Венцль попытался зажечь сигарету, но его руки дрожали от волнения. Я вытащил сигарету из своего портсигара, зажёг её и подал пилоту. В замешательстве он поднёс её ко рту.

Когда мы возвращались, то к западу от Корби я увидел самолёт на одном из небольших лугов. Раньше его там не было, я в этом уверен. Мне кажется, это был красный «Фоккер».

Гауптман Рейнхард, который прислушивался к нашему разговору, немедленно приказал Венцлю, Кариусу и Вольфраму фон Рихтгофену немедленно взлететь и проверить, что за самолёт находится к западу от Корби. После короткой рулёжки три машины взлетели в воздух.

Лейтенант Венцль стиснул зубы и летел прямо на запад. Он спустился на высоту двухсот метров и несмотря на град пуль вражеских противовоздушных батарей, приблизился к тому месту, где раньше заметил красный самолёт. К своему величайшему изумлению, вместо одной машины он увидел две. Он был слишком далеко, чтобы идентифицировать их. У него на шее уже были английские истребители. Но он не изменил направления, всё приближаясь к таинственным самолётам. Внезапно он услышал барабанную дробь пуль по крыльям своего «Фоккера». Оглянулся. Вместо товарищей он увидел три «Кэмела», которые подбирались всё ближе к нему. Произошёл ожесточённый бой. Англичане теснили его всё ниже, и Венцль решил вернуться. Поднял машину вверх и избежал атаки быстрым иммельманом. Когда он был над немецкими позициями, а «Кэмелы» всё ещё не сдавались, он рискнул сделать опасный манёвр. На высоте двадцати метров он положил самолёт в узкий вираж вокруг немецкого аэростата и, летя над самой землёй, перепрыгивая через пригорки и островки деревьев, вернулся в Капи.

Тем временем, всю округу облетела весть, что Рихтгофен не вернулся из боевого вылета. На аэродроме возникали молчаливые группы солдат. Как только взлетел лейтенент Венцль, я позвонил всем офицерам ПВО, но никто из них не смог дать мне никакой информации. Теперь я по очереди звонил в эскадрильи всего участка. Каждый раз я торопливо бросал в трубку одни и те же слова:

- 11-я эскадрилья вернулась из боевого вылета. Пропал без вести ротмистр, лётчики сообщают, что он пошёл на вынужденную посадку. На вашем участке приземлялся красный триплан? Кто-нибудь видел садящийся на территории врага красный триплан?

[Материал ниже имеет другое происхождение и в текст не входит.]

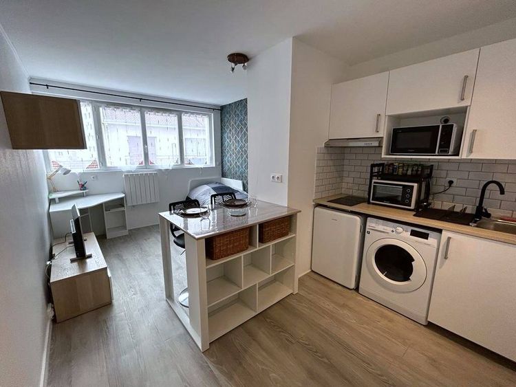 Studio lumineux, entièrement meublé et équipé : vaisselle, four micro-ondes, frigo top avec petit congélateur, plaque vitro céramique, hotte, table haute et tabourets, bureau, chaise de bureau, lave-linge, fer et planche à repasser.

Во всех штабах артиллерии и пехоты разъярённые звонки телефона всё время несли только один, нетерпеливый вопрос: красный триплан, красный триплан? Бегущие по траншеям гонцы передавали его дальше: красный триплан, красный триплан? Все бинокли, перископы, глаза всех пехотинцев упорно осматривали местность. Дорога была каждая минута, если он совершил аварийную посадку, ему нужно было немедленно помочь. Наконец, спустя время, показавшееся нам вечностью, офицер генерального штаба 1-й дивизии сообщил, что обер-лейтенант Фабиан из 16-го полка полевой артиллерии с наблюдательного пункта Гамельн-Восток наблюдал за ходом боя. Он видел, как на высоте 102 к северу от Во-сюр-Сомма гладко приземлился КРАСНЫЙ ТРИПЛАН! Сразу же после приземления к нему подбежали английские пехотинцы и оттащили самолёт с высоты. Мы вздохнули с облегчением. Командир приземлился, значит, он жив. Доклад обер-лейтенанта Фабиана немедленно был отправлен главнокомандующему военно-воздушных сил.

- Гауптман, - повернулся я к Рейнхарду, - прошу разрешения слетать на наблюдательный пост 16-го полка. Может опытными глазами лётчика…

- Лети, - немедленно ответил он, но быстро возвращайся, Боденшац!

Долго, очень долго я наблюдал за местом посадки ротмистра. Метр за метром я осматривал в бинокль сектор, особенно интересной была для меня высота 102. Позже я выслушивал обер-лейтенанта Фабиана. Всё впустую. С красными от усталости глазами я вернулся на аэродром. Тем временем, поступили доклады от ещё нескольких пехотных офицеров, но они не принесли ничего нового. Это было всё, что можно было сделать для ротмистра в данный момент. Нужно было надеяться, что в худшем случае он получил ранение и попал в плен. Это не было его первой вынужденной посадкой. Когда-то уже, будучи тяжело раненным, он мастерски посадил свою машину.

На телефонной станции полка пересекались доклады и запросы. Наконец, руководство 2-й Армии решилось на неслыханный шаг. Оно обратилось открытым текстом к неприятелю с вопросом:

Ротмистр барон фон Рихтгофен совершил аварийную посадку на вашей территории. Просим сообщить информацию о его судьбе. Он жив и находится в плену?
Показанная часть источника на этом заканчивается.